Monday, April 26, 2010

#49 Compliments from Strangers

I was washing my hands in the ladies' room at a restaurant one evening when a girl walked in and complimented my outfit: a black strapless mini-dress (Jean Paul Gaultier for Target), cinched by a studded belt (Forever 21) and topped with a bolero-style leather jacket (H&M).  Black four-inch satin platform pumps (BCBG Max Azria) completed the look.  While she was examining me, she revealed herself to be a fashion editor.  I gave myself a mental high five.

The other day, I was running through Santa Monica in my usual short shorts (Nike) and some guy yelled out his window, "Nice butt!"  Hearing an endorsement like that is one advantage of working out without an iPod.  I got home and checked out my ass in the mirror.  Lookin' goooood.

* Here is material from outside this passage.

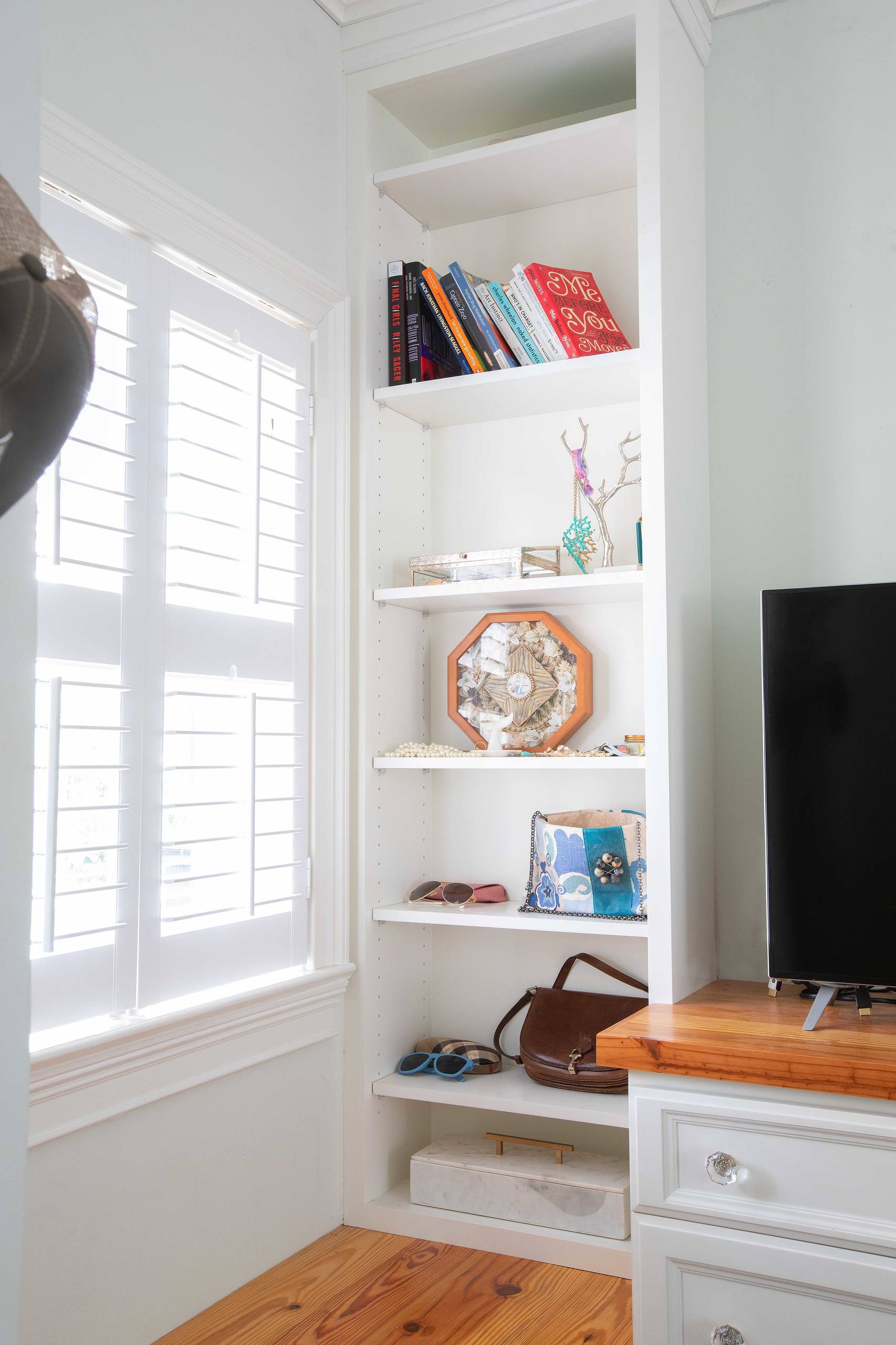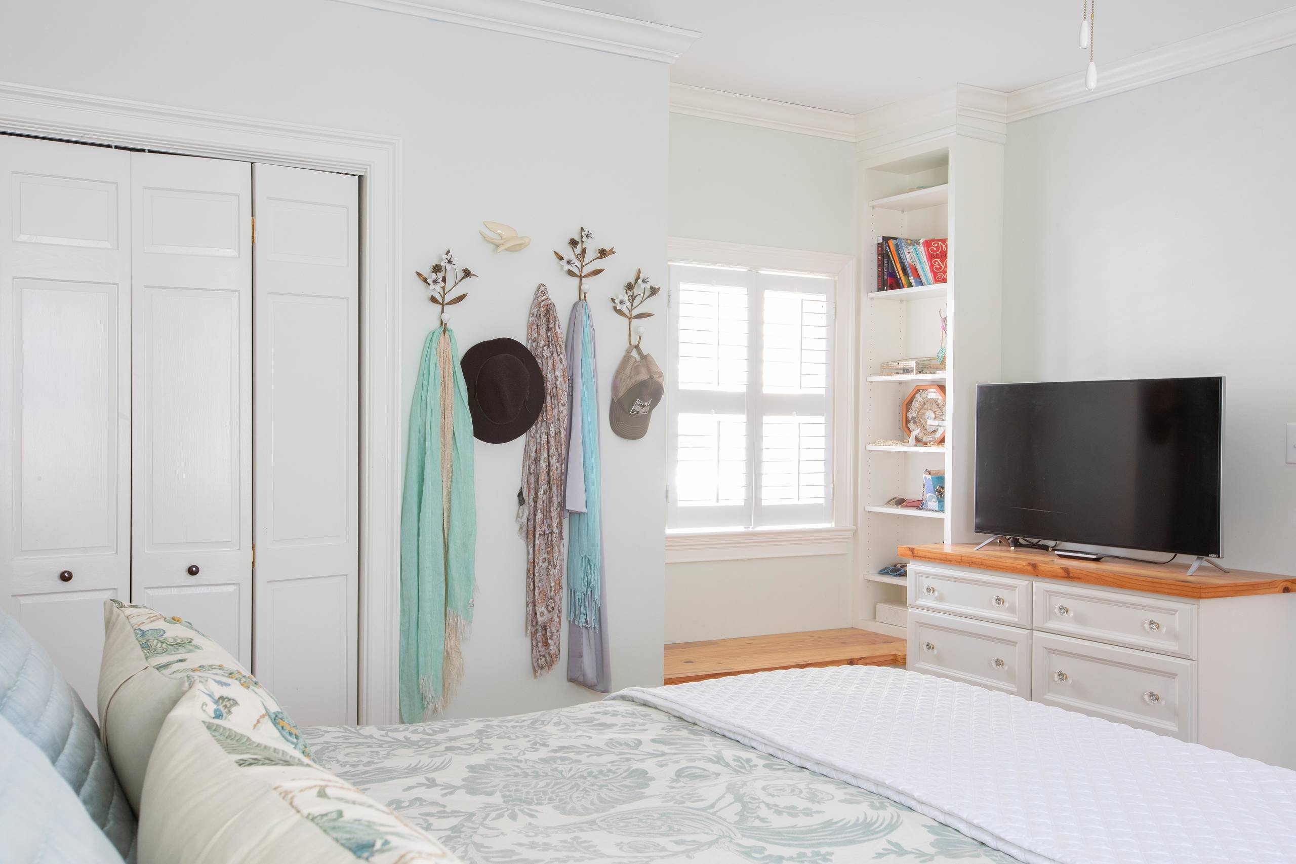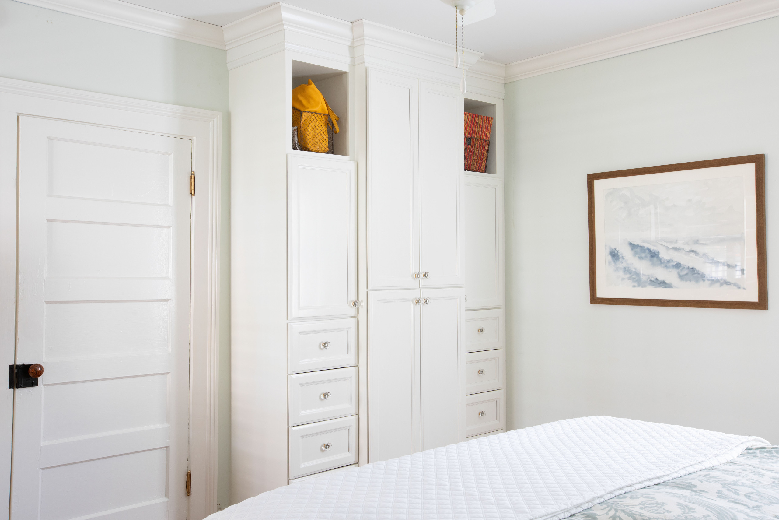 Built-ins line the bedroom walls. Temkin considers them to be a lifesaver. “I have a lot of clothes and shoes. The built-ins really help keep them organized and, I think, actually make the room feel larger and smarter,” she says.

We normally don't like to admit this, but single girls can feel a bit insecure of ourselves from time to time without the constant warm fuzzies and attention that our non-single counterparts receive from their significant others.  This is why single girls are compliment whores. It's not enough that we try to surround ourselves with people who adore us and flatter us, nothing validates our existence more than compliments from an absolute stranger.

Growing up, some of us were placated with faux praise from our mothers who assured us that we were too pretty AND smart to be dating the silly boys from high school.  (I was a fugly teenager and THE ultimate single girl as I never went on a date until college.)  Now, we're still skeptical of approval we receive from friends or family members since they're morally obligated to tell us we look "cute" or "nice."  ("Nice," but not "amazing"?)  Worse, we're especially wary of "compliments" from a frenemy.  (Do these jeans really make me look skinny or is the bitch trying to sabotage me again?)  And compliments from the dude(s) we're dating?  Don't even get me started on what some guys will say to get laid.  ("You look like a supermodel."  Puh-leeeze.)

How can we measure the integrity of a compliment?  This requires some high-level training to obtain the powers of clairvoyance, and we obviously have better things to do with our time - like eyebrow maintenance.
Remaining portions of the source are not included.